CCNY PHYS 45400 Sp 2025

Homework 2

PDF is here

Looking up

  1. 1610 was an exciting year

    Look up the positions of Jupiter's 4 major moons at the time when Galileo observed them and compare them to his original drawings in the Sidereus Nuncius. Pick 1 day from his original drawings besides the first day!) and try to reproduce it using the historical data from the ephemeris tables. Include the original drawing and your plot in the submission. Comment on your comparison. Are they similar? Any differences?

    Text of Siderius Nuncius: Starry Messenger

    The year was 1610, and the dates are indicated in the text.

    Some tips

    • Galileo did the experiments in Padua Italy.

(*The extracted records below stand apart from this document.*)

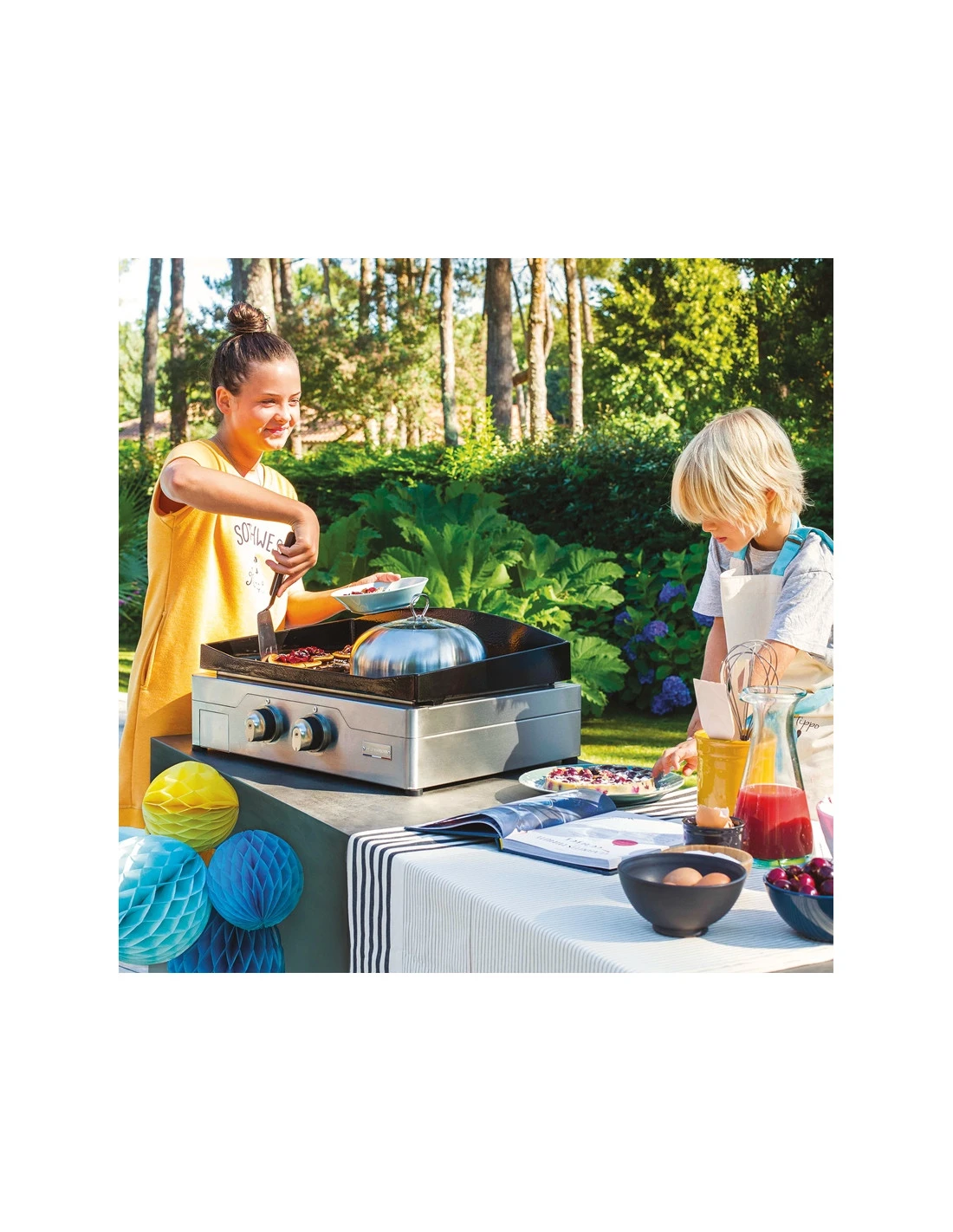 Avec un poids aux alentours de 27 kg, cette plancha électrique est très solide. Elle dispose d’un châssis en inox satiné qui saura résister à la corrosion ainsi qu’aux intempéries.
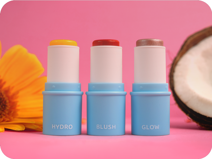 Hydro Stift ger din hud en omedelbar fuktboost och en hälsosam lyster. Blush Stift anpassar sig automatiskt efter din hudton för en fräsch, naturlig rodnad. Och med Highlighter kan du låta ljuset falla precis på rätt ställen för en mjuk glow.
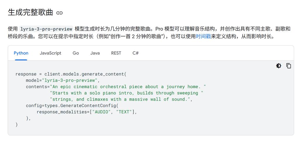 与此同时,面向开发者的Google AI Studio和Gemini API也同步上线了Lyria 3 Pro,与此前发布的Lyria RealTime(实时音乐生成能力)并列提供,开发者可以将这些能力集成到自己的应用中。
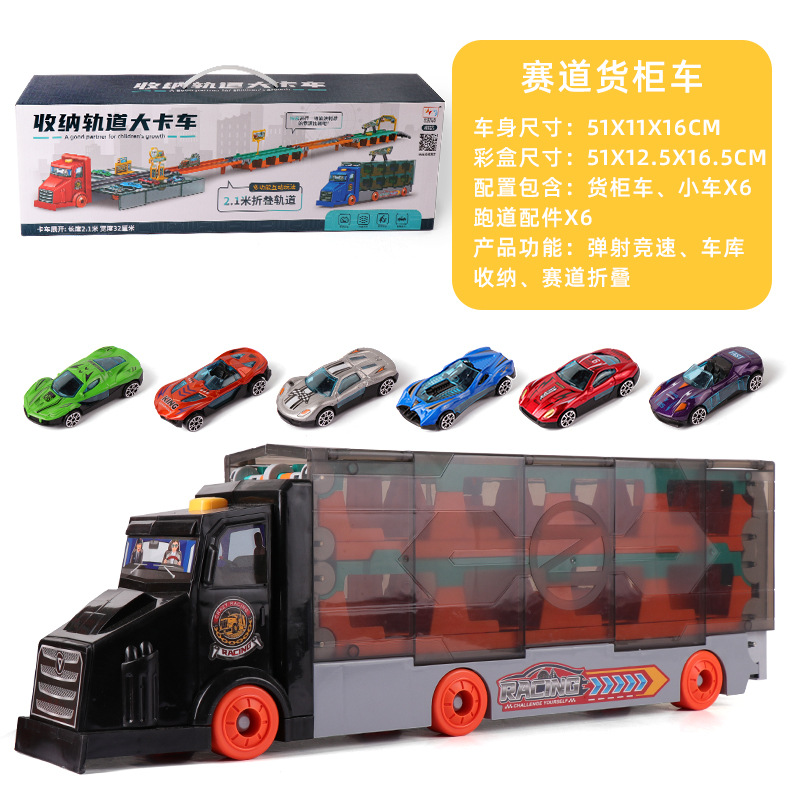 变形弹射轨道车 折叠收纳大卡车停车场 儿童恐龙轨道赛车玩具跨境

The latitude/longitude there is: 45.4064° N, 11.8768° E
    • When he says in the 6th hour, that means the sixth hour after sunset (which was probably around 5pm but you will need to looks that up and explain how you did it.)
    • His drawings are in the azimuthal/elevation system
    • All the objects should occupy a very small portion of the total sky - meaning the range of the axis in your plots should be quite small (< 1 degree for sure.)

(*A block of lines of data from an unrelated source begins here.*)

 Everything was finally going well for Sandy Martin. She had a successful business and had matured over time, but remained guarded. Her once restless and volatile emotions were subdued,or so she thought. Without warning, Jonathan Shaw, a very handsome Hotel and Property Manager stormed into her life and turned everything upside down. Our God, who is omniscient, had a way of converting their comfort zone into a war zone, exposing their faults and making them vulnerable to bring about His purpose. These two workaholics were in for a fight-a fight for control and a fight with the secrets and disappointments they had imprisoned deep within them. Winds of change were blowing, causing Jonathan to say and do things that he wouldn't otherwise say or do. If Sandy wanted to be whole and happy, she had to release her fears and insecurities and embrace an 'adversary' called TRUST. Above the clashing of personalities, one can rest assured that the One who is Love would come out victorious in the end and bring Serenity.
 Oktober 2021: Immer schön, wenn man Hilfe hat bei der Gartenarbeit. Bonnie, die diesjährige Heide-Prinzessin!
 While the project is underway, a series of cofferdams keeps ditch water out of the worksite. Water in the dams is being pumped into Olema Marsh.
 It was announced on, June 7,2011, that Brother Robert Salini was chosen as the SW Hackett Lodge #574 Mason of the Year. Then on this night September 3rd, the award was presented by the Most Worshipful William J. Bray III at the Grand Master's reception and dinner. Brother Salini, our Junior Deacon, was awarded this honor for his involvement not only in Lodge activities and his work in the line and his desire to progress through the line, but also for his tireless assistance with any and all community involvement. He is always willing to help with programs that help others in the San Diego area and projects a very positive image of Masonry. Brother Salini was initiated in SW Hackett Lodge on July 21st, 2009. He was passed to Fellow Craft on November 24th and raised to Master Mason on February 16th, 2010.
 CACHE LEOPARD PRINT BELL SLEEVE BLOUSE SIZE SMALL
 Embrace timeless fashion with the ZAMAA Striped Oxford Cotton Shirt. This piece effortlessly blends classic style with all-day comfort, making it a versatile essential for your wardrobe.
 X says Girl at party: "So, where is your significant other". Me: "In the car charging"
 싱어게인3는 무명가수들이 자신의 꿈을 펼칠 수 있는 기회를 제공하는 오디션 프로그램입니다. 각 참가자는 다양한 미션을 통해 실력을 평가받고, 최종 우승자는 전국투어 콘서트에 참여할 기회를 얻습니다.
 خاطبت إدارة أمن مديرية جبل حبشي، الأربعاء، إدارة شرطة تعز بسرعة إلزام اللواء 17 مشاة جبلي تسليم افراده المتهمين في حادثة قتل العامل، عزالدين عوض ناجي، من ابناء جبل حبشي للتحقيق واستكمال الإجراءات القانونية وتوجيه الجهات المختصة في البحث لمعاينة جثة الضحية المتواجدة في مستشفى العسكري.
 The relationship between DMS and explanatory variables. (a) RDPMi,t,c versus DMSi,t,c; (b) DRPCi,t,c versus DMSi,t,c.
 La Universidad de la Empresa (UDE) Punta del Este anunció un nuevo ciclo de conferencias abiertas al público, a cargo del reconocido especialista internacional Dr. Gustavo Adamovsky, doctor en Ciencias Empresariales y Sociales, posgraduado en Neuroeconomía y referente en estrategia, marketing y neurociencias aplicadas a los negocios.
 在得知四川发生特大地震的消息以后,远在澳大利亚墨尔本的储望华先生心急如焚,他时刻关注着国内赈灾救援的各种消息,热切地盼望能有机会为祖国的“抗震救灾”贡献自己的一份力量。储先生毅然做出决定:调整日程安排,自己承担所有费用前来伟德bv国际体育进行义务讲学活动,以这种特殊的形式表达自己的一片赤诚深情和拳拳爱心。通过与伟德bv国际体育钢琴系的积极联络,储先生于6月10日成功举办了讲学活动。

  2. Prove Kepler's second law (numerically)

    1. Use JPL Horizons Web app ( https://ssd.jpl.nasa.gov/horizons/app.html#/) to retrieve some position data about an object orbiting the sun. Try to show Kepler's 2nd law by numerically estimating the area swept out by the orbit during a short time duration and comparing that area to an equal time duration at another location along the orbit.

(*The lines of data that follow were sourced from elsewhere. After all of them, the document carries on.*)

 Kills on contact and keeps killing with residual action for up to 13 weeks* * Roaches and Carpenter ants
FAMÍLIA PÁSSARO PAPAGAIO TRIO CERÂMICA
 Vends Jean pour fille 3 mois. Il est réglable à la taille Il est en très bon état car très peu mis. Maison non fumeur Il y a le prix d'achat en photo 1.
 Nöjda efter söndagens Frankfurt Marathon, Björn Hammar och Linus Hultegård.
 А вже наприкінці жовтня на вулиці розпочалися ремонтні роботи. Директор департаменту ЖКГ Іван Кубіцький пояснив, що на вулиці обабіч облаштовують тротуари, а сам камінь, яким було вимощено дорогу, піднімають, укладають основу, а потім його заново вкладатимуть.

      You can pick your own object *Just don't do Halley's Comet - that's been done enough times* but it needs to have an eccentricity value greater than 0.1 (and less than 1.0 - Many other comets are in this range)

      You'll want to pick the right output values in your JPL Horizons query. The Observer range & range-rate and True Anomaly Angle are your best bets here. (Though you could do it with several others as well.) Read the documentation about the output table entries: Definition of Observer Table Quantities.

      Explain your process and the geometry you did.

    2. Make a plot showing the orbit of the object you chose as well as the orbit of the Earth around the sun for a comparison/reference.


For all

Due Date: Monday, March 3, start of class. (via blackboard brightspace.)

Prepare your work in a typed (no handwritten math or drawn diagrams), document (pdf) with plots and any citations for any references you used, and links to any extensive code you wrote that was used.

If you used any AI to help with code, please cite that. Under no circumstances do I want to read any AI generated text though.